Attendees will gain insights into the current state of security measures within generative technologies and explore potential strategies to safeguard against emerging threats. By the end of the session, participants will be equipped with a nuanced understanding of the delicate balance between the innovative potential of generative AI and the imperative to fortify security and privacy frameworks in this rapidly evolving landscape.
Sourabh Aggarwal
Sourabh Aggarwal, Senior Consultant of iTED Consultant Inc., is a visionary leader who harnesses technology and innovation to drive sustainable business strategies. He is pursuing a Ph.D. in management from IAE Business School, focusing on innovation and entrepreneurship.

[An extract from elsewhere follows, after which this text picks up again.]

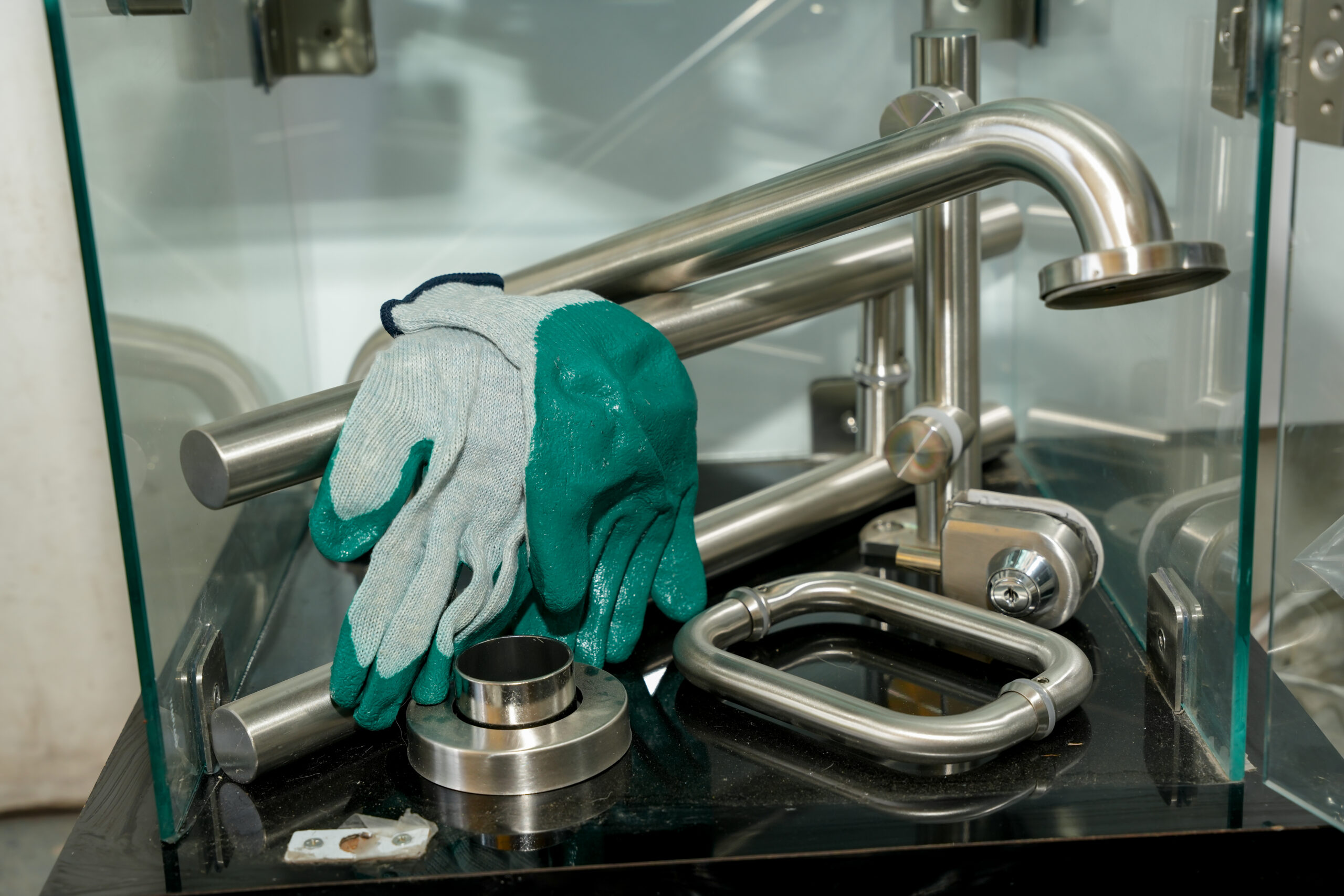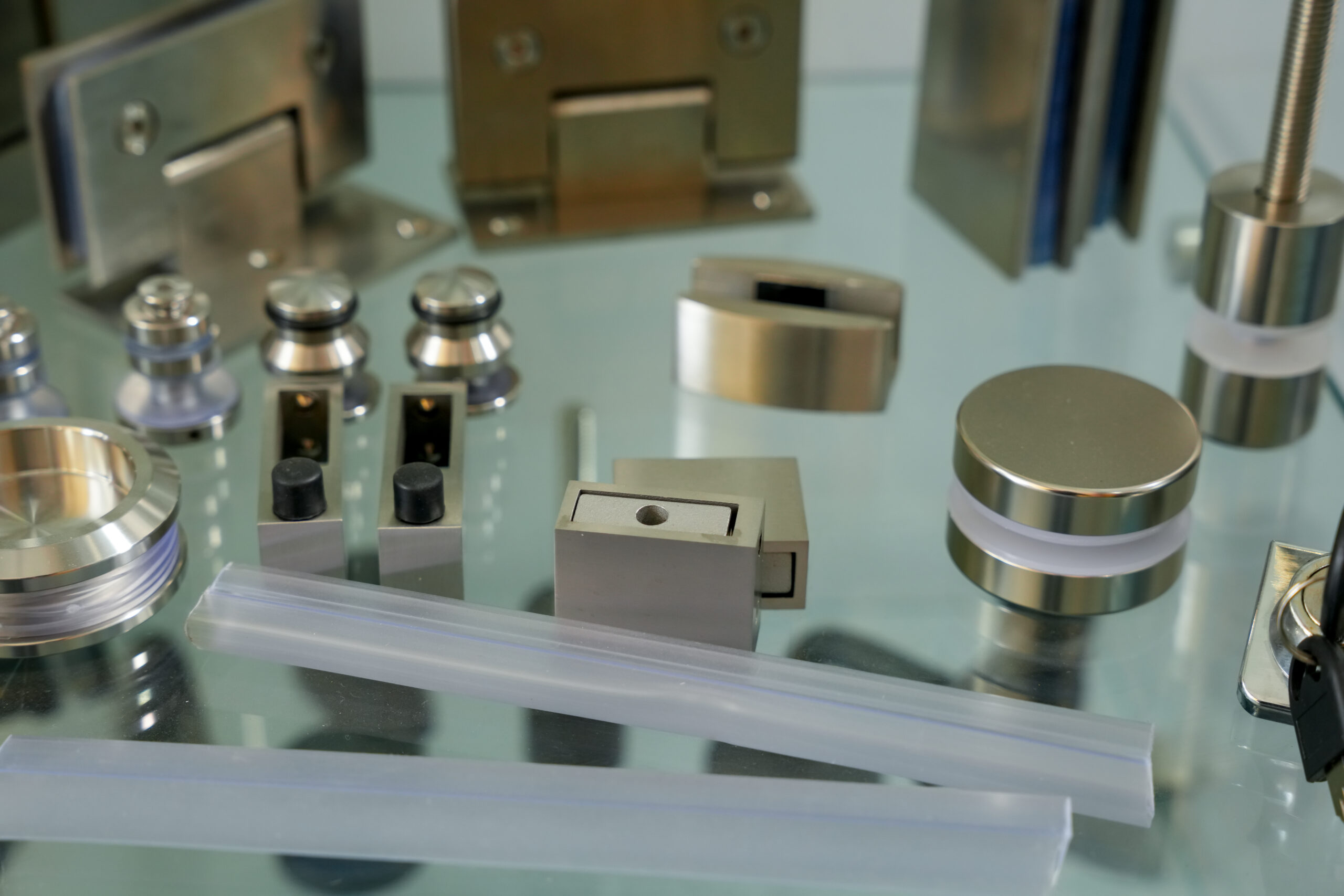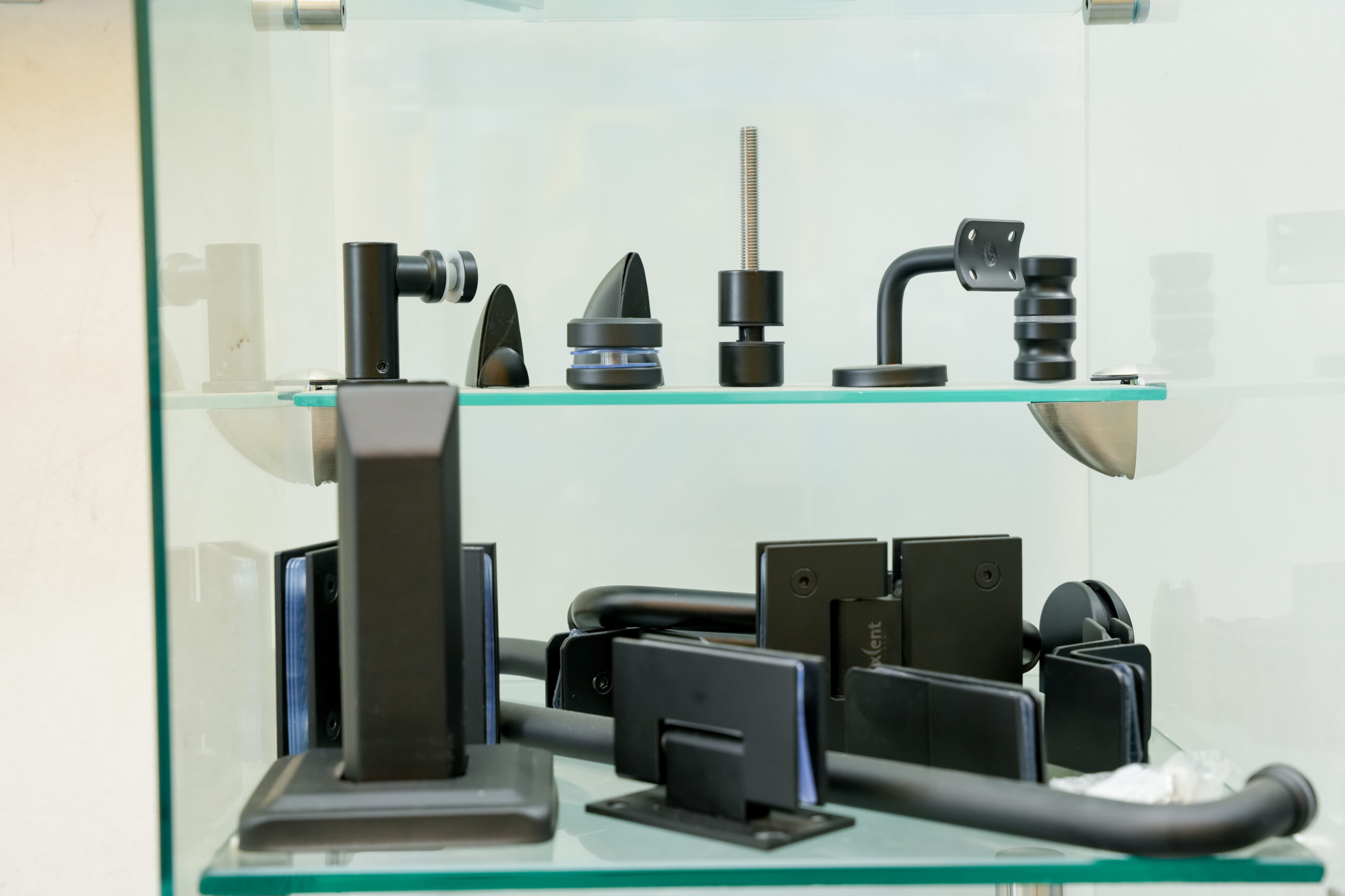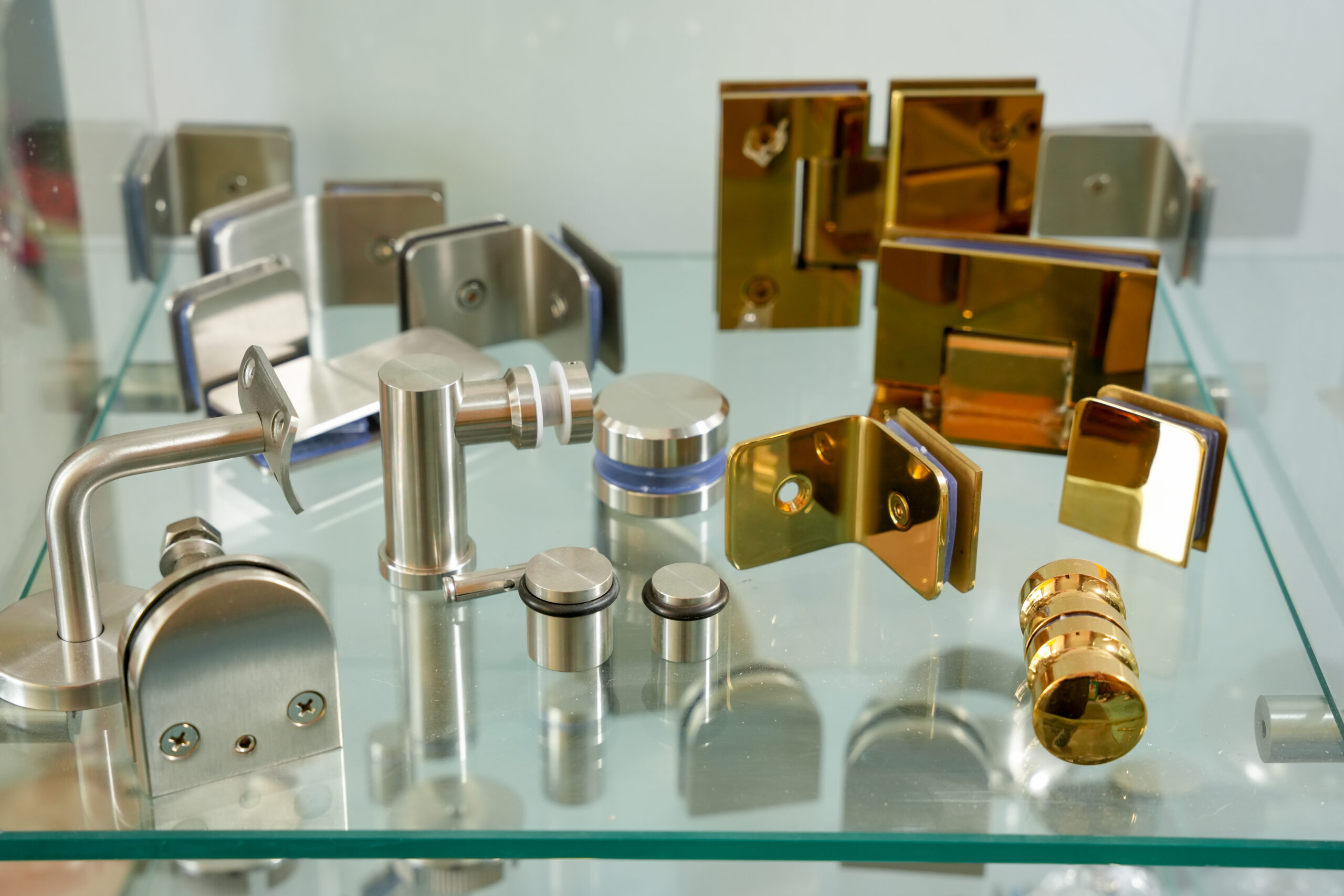 Herrajes para vidrio resistentes y seguros. Ideales para puertas, canceles y divisiones con un acabado moderno y profesional.

With an extensive background in academia, consulting, and cybersecurity education, Sourabh's impact is truly multi-dimensional. He has been actively teaching cybersecurity and developing curricula for over five years, leaving a lasting impression on learners in Canada and the USA. His students have excelled in renowned companies like Meta, Google, Amazon, and GeoComply.
Sourabh's holistic portfolio showcases his commitment to fostering innovation, nurturing collaboration, and championing forward-looking approaches. His deep-rooted comprehension of technology and his unwavering dedication to empowering individuals and organizations with essential cybersecurity knowledge positions him as a prominent influencer in navigating the ever-evolving cybersecurity landscape.